[[ Supplied entries, beginning ]]

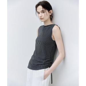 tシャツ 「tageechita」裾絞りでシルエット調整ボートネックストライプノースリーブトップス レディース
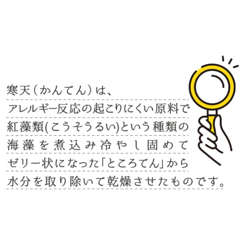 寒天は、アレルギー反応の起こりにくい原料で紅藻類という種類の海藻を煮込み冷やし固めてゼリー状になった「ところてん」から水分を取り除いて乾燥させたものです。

[[ Supplied entries, end ]]
[[ Supplied entries, beginning ]]

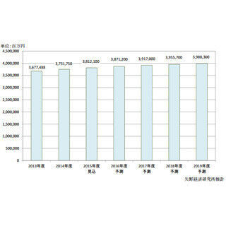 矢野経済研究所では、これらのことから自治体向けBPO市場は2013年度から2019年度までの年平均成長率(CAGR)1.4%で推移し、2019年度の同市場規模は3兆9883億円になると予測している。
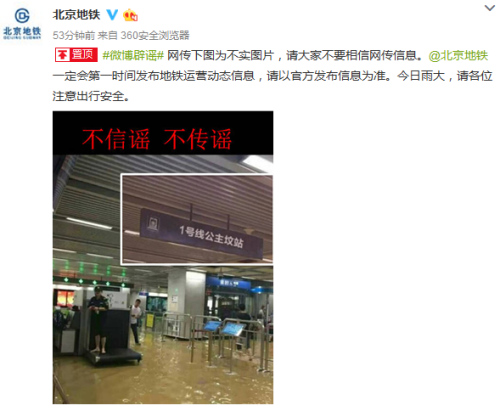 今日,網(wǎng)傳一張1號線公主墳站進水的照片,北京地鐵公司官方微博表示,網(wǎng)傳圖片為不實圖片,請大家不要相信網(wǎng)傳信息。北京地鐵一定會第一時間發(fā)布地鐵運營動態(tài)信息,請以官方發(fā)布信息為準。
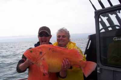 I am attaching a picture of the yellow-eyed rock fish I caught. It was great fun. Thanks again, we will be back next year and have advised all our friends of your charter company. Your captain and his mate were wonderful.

[[ Supplied entries, end ]]

▶ _Task statement_
Look above for the line with "矢野経済研究所では、これらの" and the line with "I am attaching"; set down those two lines and all lines between them exactly, without pictures and without anything else.

▶ _Task result_
 矢野経済研究所では、これらのことから自治体向けBPO市場は2013年度から2019年度までの年平均成長率(CAGR)1.4%で推移し、2019年度の同市場規模は3兆9883億円になると予測している。
 今日,網(wǎng)傳一張1號線公主墳站進水的照片,北京地鐵公司官方微博表示,網(wǎng)傳圖片為不實圖片,請大家不要相信網(wǎng)傳信息。北京地鐵一定會第一時間發(fā)布地鐵運營動態(tài)信息,請以官方發(fā)布信息為準。
 I am attaching a picture of the yellow-eyed rock fish I caught. It was great fun. Thanks again, we will be back next year and have advised all our friends of your charter company. Your captain and his mate were wonderful.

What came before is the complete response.